### Requirement
Starting at the first line of the entries below, restate each line exactly until you reach the line with "En vacker blockljusstake", and print that one too. Leave the pictures out and stop there.

(Data excerpts)
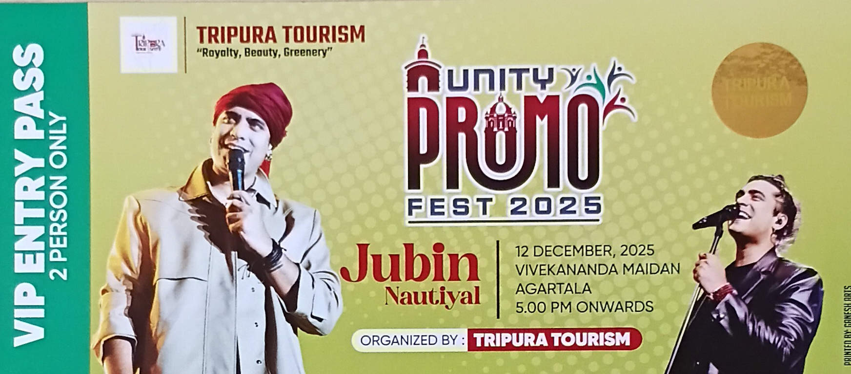 Today on 12th December In Tripura State At city Agarta Unity Promo Fest 2025 is going to be held By Zubin Notiyal and Sourav Ganguly
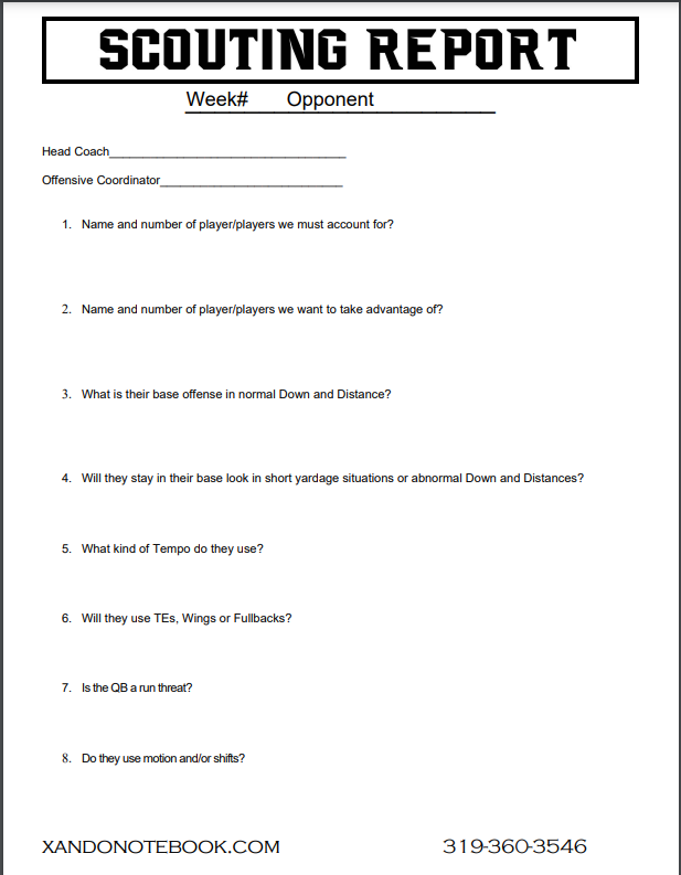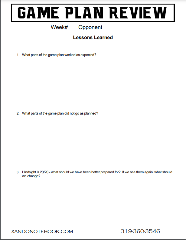 The last page of each weekly section will be a page dedicated to your film breakdown for that week’s game. Keeping your film breakdown notes separate from the other pages will help keep you organized and efficient.
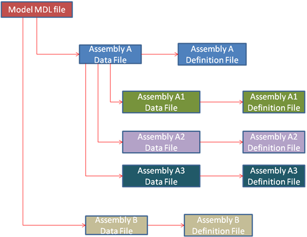 アセンブリ階層はその深さに制限がなく、MDLシンタックスには、それが使用されている階層のレベルに関係なく、一貫性と独立性があります。下の図は、モデルがそのモデルツリーのルーツとは別にアセンブリ(複数可)を持つことができることを示しています。これらのアセンブリはそれぞれ、1つの関連付けされたデータファイルを参照します。また、これらのアセンブリデータファイルはそれぞれ、1つの定義ファイルを参照します。
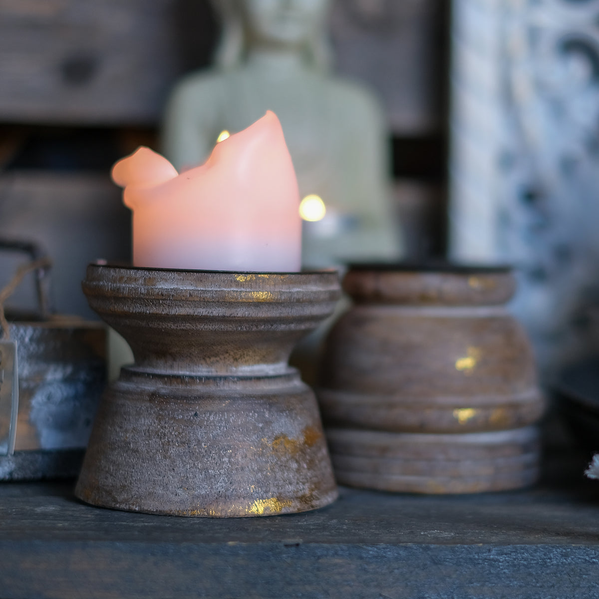 En vacker blockljusstake i mangoträ med guldinslag som ger en varm, levande känsla. Varje ljusstake är unik med sitt eget uttryck tack vare den naturliga ådringen i träet och den handarbetade finishen. Lika fin på matbordet som i fönstret eller på sideboardet – en liten detalj som sprider stor stämning.
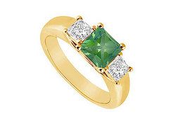 Two princess-cut diamonds are prong-set beside a vibrant green emerald. These three stones are a symbol of your past present and the future. Made in 14K yellow gold this ring has a total gem weight (TGW) of 0.50 ct.
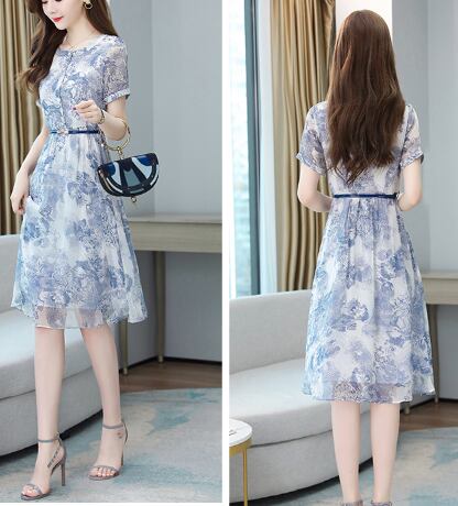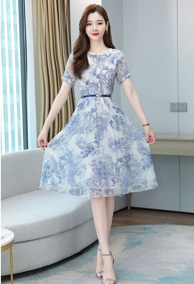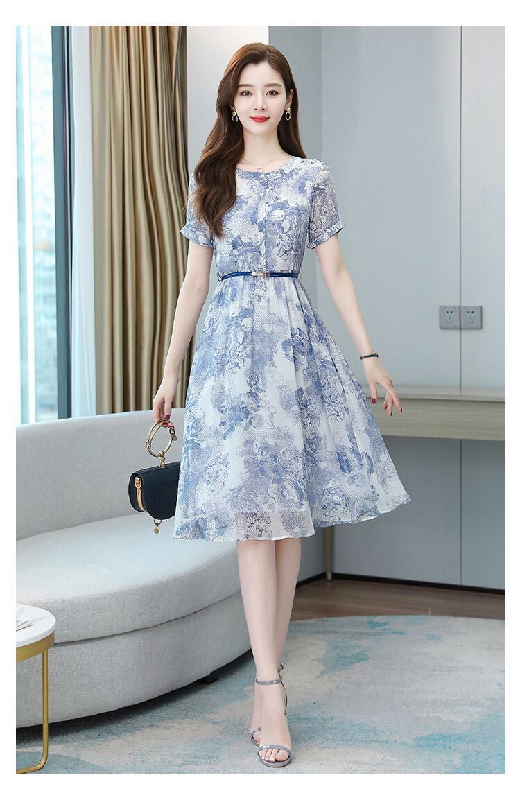 個性的 花柄ワンピ ひざ丈 ベルト付き レディース 半袖 フラワーモチーフ 爽やか 夏ワンピ フレアスカート ミディ丈 Aライン ブルー系 水色 涼し気 オフィス 通勤 通学 総柄 フローラル ボタニカル 大人女子 好感度 お食事 懇談会 ファスナー ボートネック ラウンドネック 韓国 韓国ファッション 大きめ柄 大人可愛い 二の腕カバー 体型カバー 低価格 値段重視 クラシカル ナチュラルワンピ トレンド かわいい 洗練デザイン ヘビロテ服 高コスパ 着回し サイズ豊富 2XL 10代 20代 30代
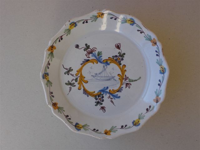 LA ROCHELLE - ASSIETTE en faïence de grand feu. Décor polychrome d'un navire en grisaille dans un cartouche rocaille jaune entouré de fleurs de style Louis XV. Aile chantournée peinte d'une guirlande de fleurs en couronne.
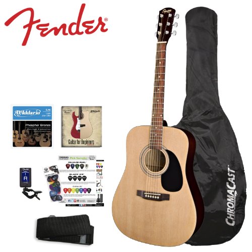 Fender Natural Acoustic Guitar Kit - Includes: Strings, Strap, Tuner, ChromaCast Guitar bag and GoDpsMusic Pick Sampler

### Output for this exercise
 Today on 12th December In Tripura State At city Agarta Unity Promo Fest 2025 is going to be held By Zubin Notiyal and Sourav Ganguly
 The last page of each weekly section will be a page dedicated to your film breakdown for that week’s game. Keeping your film breakdown notes separate from the other pages will help keep you organized and efficient.
 アセンブリ階層はその深さに制限がなく、MDLシンタックスには、それが使用されている階層のレベルに関係なく、一貫性と独立性があります。下の図は、モデルがそのモデルツリーのルーツとは別にアセンブリ(複数可)を持つことができることを示しています。これらのアセンブリはそれぞれ、1つの関連付けされたデータファイルを参照します。また、これらのアセンブリデータファイルはそれぞれ、1つの定義ファイルを参照します。
 En vacker blockljusstake i mangoträ med guldinslag som ger en varm, levande känsla. Varje ljusstake är unik med sitt eget uttryck tack vare den naturliga ådringen i träet och den handarbetade finishen. Lika fin på matbordet som i fönstret eller på sideboardet – en liten detalj som sprider stor stämning.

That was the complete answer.